Exercise
The task for the listing below is to write out exactly the lines starting at the one containing "32. We run the" and ending at the one containing "The multi-microgrid system", both included. Pictures are to be omitted.

Source data

- - - - - - -

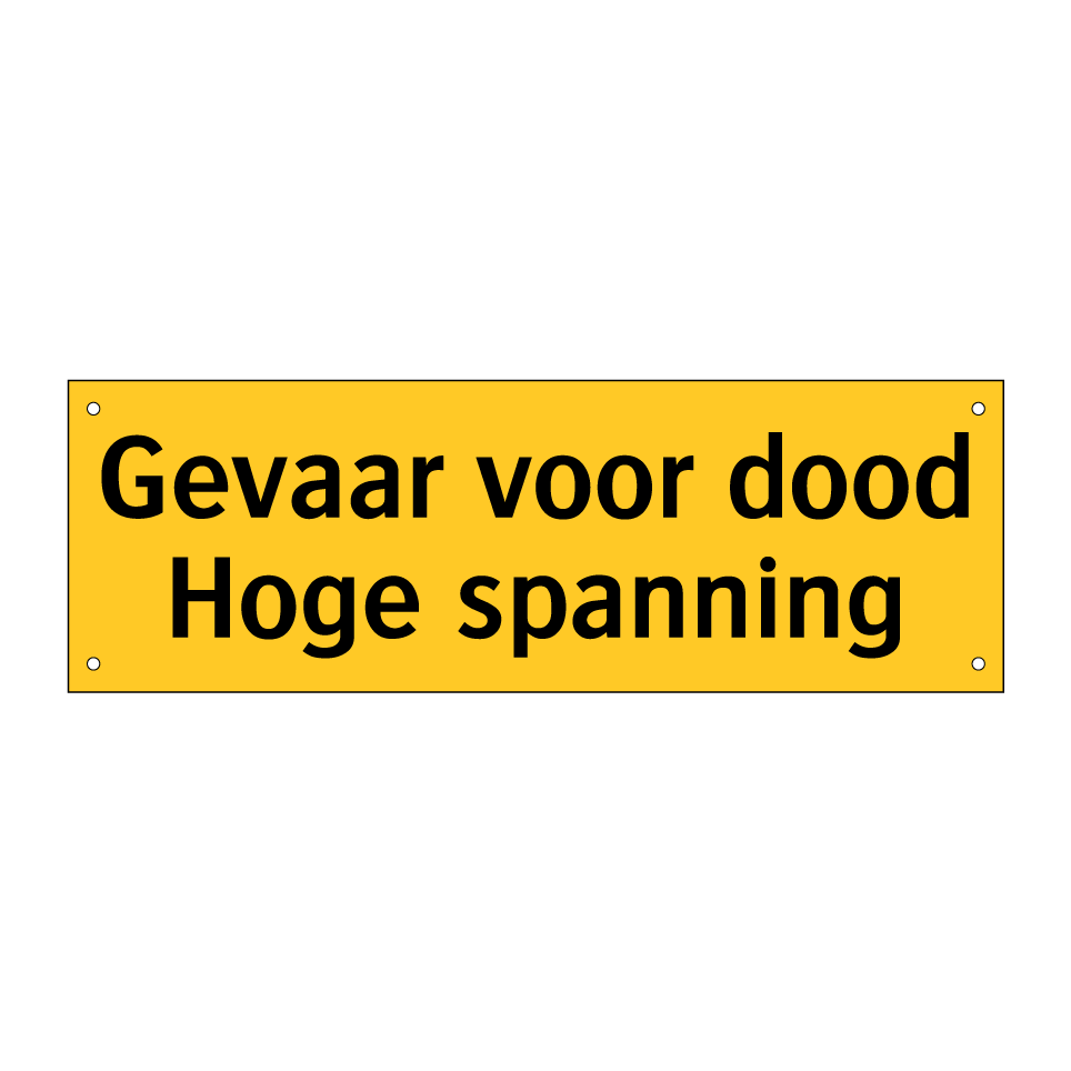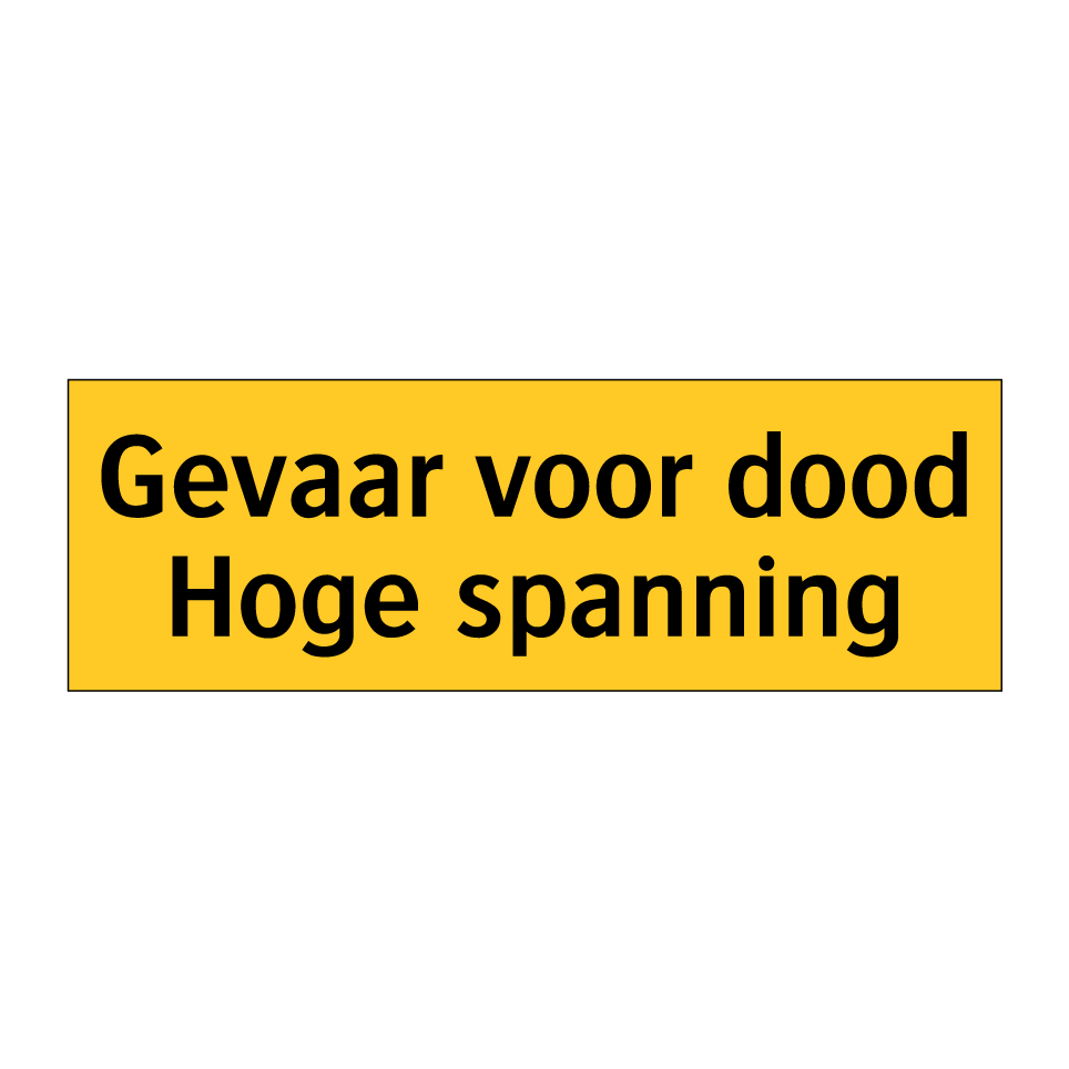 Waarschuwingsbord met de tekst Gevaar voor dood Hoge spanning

- - - - - - -

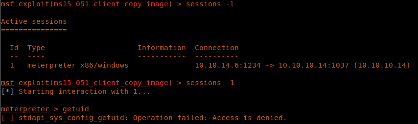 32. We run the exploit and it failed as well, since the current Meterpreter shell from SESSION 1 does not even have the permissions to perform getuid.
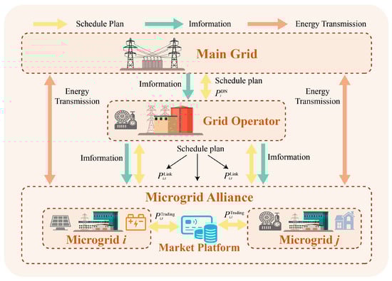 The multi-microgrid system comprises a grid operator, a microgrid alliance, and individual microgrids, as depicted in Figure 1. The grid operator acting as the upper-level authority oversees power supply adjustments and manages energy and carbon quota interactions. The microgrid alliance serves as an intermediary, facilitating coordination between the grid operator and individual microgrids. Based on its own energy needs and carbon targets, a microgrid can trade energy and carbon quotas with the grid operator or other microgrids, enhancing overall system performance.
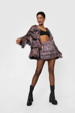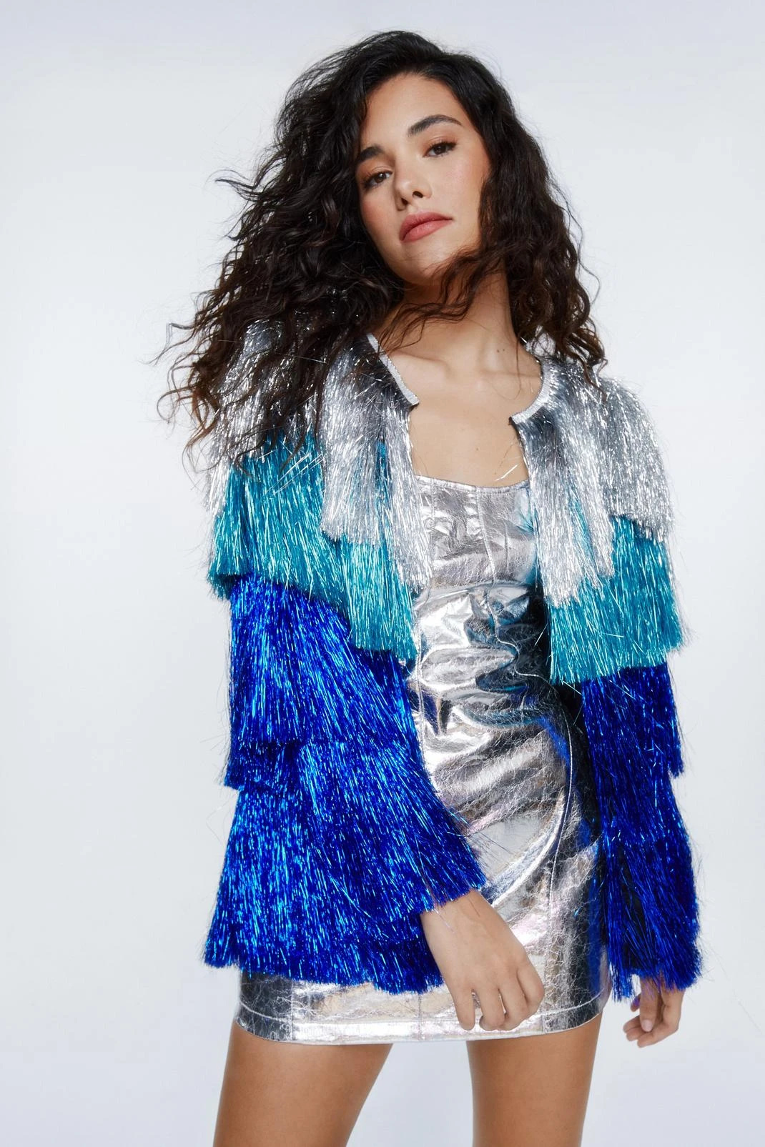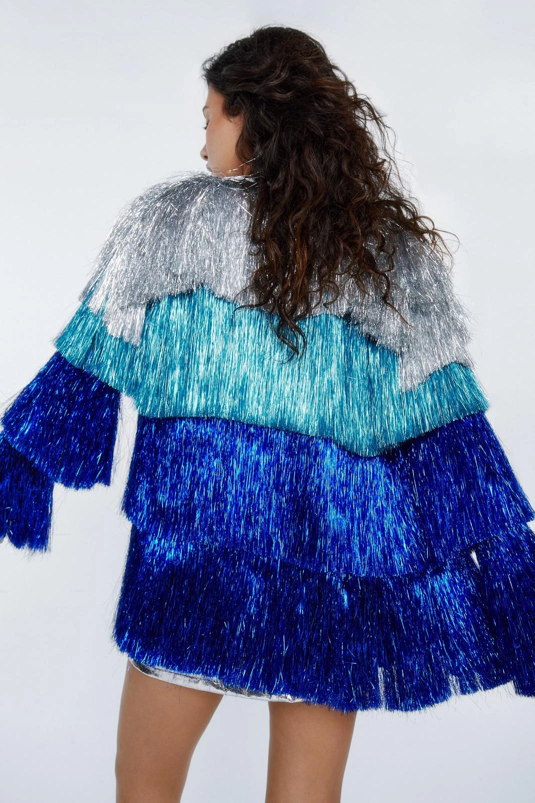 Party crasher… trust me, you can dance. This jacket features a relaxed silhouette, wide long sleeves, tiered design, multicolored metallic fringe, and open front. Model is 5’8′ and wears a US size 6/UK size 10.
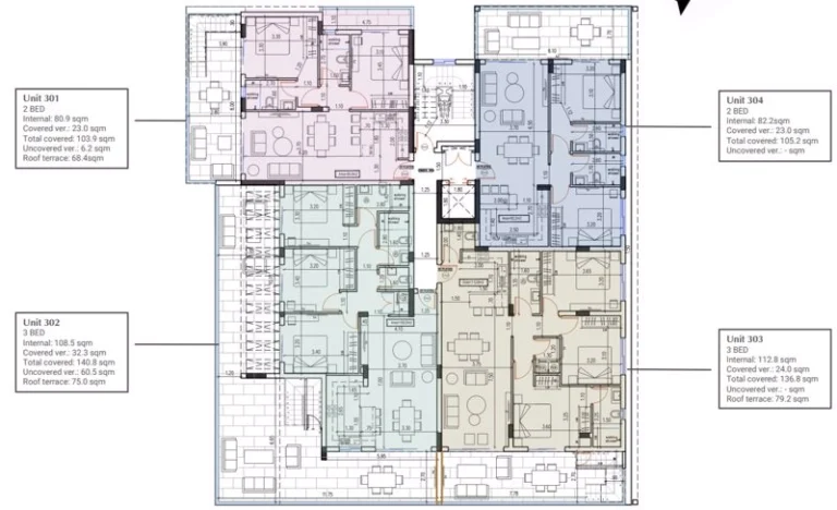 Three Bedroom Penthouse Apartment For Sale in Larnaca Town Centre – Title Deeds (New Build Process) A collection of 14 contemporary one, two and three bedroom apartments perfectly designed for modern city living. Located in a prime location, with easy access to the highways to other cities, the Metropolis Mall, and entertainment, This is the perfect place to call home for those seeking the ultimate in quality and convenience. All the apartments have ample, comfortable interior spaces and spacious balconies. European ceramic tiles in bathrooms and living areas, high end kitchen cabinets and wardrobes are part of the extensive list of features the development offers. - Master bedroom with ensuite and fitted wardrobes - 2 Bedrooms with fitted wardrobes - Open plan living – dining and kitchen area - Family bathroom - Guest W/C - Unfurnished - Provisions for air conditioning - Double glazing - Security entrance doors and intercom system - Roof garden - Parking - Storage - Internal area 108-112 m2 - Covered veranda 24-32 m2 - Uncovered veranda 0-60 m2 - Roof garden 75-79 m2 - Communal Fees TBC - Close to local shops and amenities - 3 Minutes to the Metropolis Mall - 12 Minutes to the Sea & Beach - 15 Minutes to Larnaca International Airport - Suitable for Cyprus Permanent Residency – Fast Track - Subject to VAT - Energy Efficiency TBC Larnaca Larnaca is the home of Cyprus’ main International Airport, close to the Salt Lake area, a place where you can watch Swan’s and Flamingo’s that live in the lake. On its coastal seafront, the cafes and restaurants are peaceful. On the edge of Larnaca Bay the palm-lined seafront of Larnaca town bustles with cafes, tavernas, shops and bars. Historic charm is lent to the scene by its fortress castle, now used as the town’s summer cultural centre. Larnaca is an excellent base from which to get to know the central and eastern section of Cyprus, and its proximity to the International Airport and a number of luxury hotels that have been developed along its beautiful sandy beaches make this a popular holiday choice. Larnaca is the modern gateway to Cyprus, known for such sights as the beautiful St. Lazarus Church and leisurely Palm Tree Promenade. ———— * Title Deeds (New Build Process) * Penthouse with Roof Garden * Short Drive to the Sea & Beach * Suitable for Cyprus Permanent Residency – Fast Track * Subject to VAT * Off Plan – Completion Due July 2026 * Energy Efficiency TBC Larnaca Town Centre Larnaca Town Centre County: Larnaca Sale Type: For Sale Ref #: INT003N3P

- - - - - - -

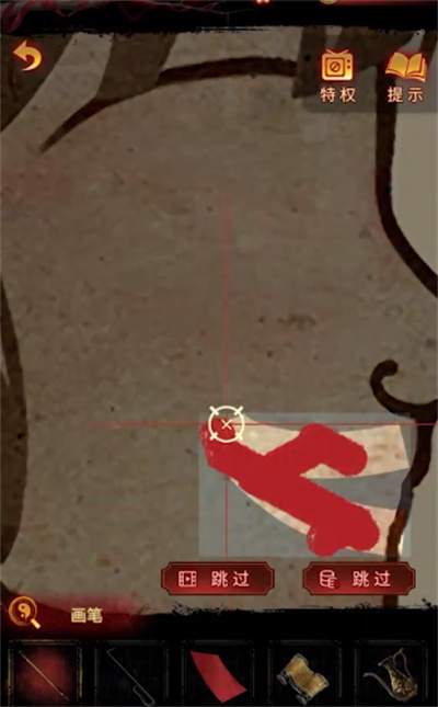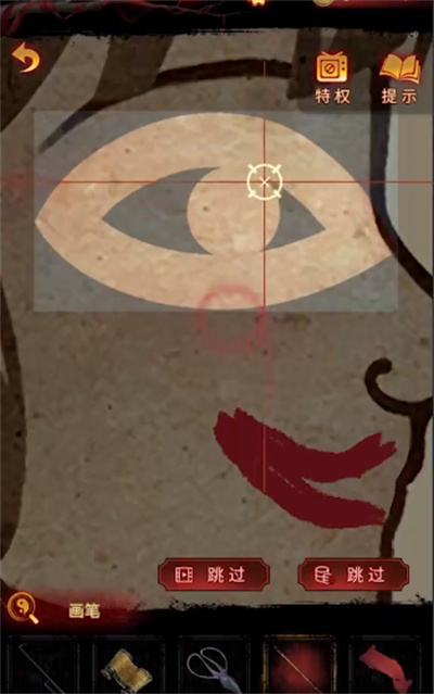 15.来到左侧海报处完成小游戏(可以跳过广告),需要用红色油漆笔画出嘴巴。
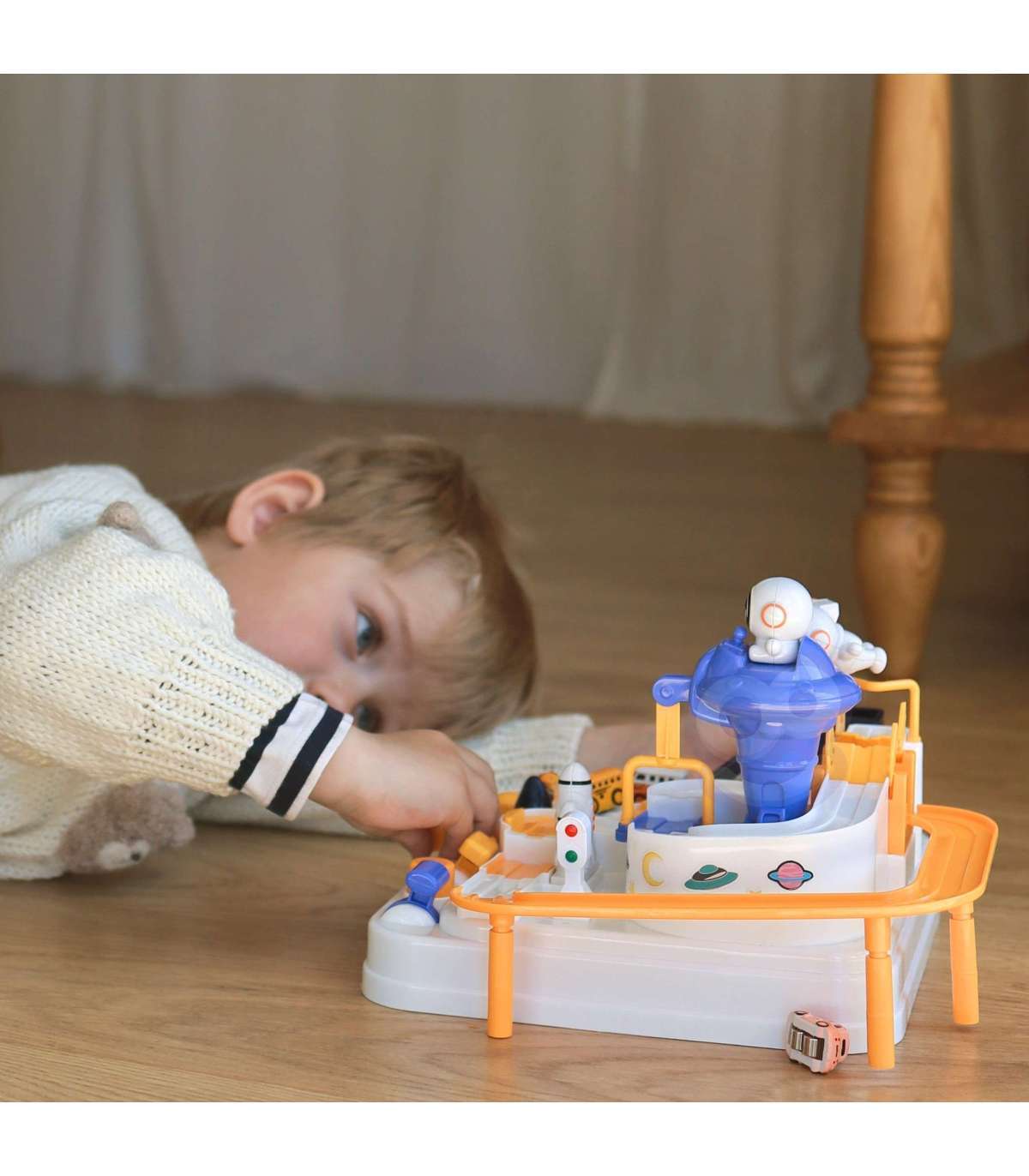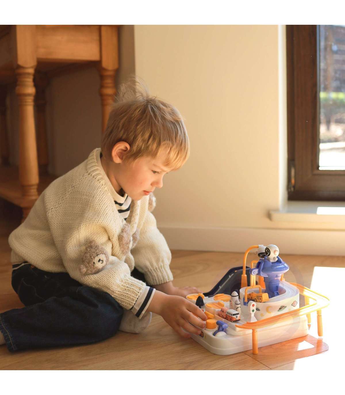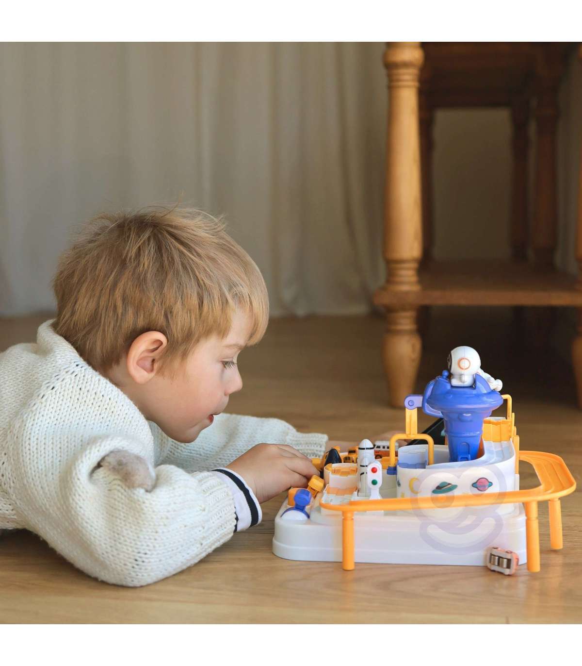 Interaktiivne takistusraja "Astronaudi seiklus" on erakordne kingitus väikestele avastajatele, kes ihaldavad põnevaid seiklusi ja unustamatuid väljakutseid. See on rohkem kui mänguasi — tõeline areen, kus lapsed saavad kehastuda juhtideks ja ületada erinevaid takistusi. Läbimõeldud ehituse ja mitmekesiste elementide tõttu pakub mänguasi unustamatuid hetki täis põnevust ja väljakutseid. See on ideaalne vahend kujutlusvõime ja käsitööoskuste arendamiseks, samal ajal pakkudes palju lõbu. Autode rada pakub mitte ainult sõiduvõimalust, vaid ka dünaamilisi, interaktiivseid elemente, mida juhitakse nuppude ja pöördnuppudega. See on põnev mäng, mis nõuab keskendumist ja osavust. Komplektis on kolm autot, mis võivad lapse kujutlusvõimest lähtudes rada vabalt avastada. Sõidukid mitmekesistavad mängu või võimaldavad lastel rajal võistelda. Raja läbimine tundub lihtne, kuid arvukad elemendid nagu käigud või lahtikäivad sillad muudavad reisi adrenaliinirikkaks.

- - - - - - -

Your response
 32. We run the exploit and it failed as well, since the current Meterpreter shell from SESSION 1 does not even have the permissions to perform getuid.
 The multi-microgrid system comprises a grid operator, a microgrid alliance, and individual microgrids, as depicted in Figure 1. The grid operator acting as the upper-level authority oversees power supply adjustments and manages energy and carbon quota interactions. The microgrid alliance serves as an intermediary, facilitating coordination between the grid operator and individual microgrids. Based on its own energy needs and carbon targets, a microgrid can trade energy and carbon quotas with the grid operator or other microgrids, enhancing overall system performance.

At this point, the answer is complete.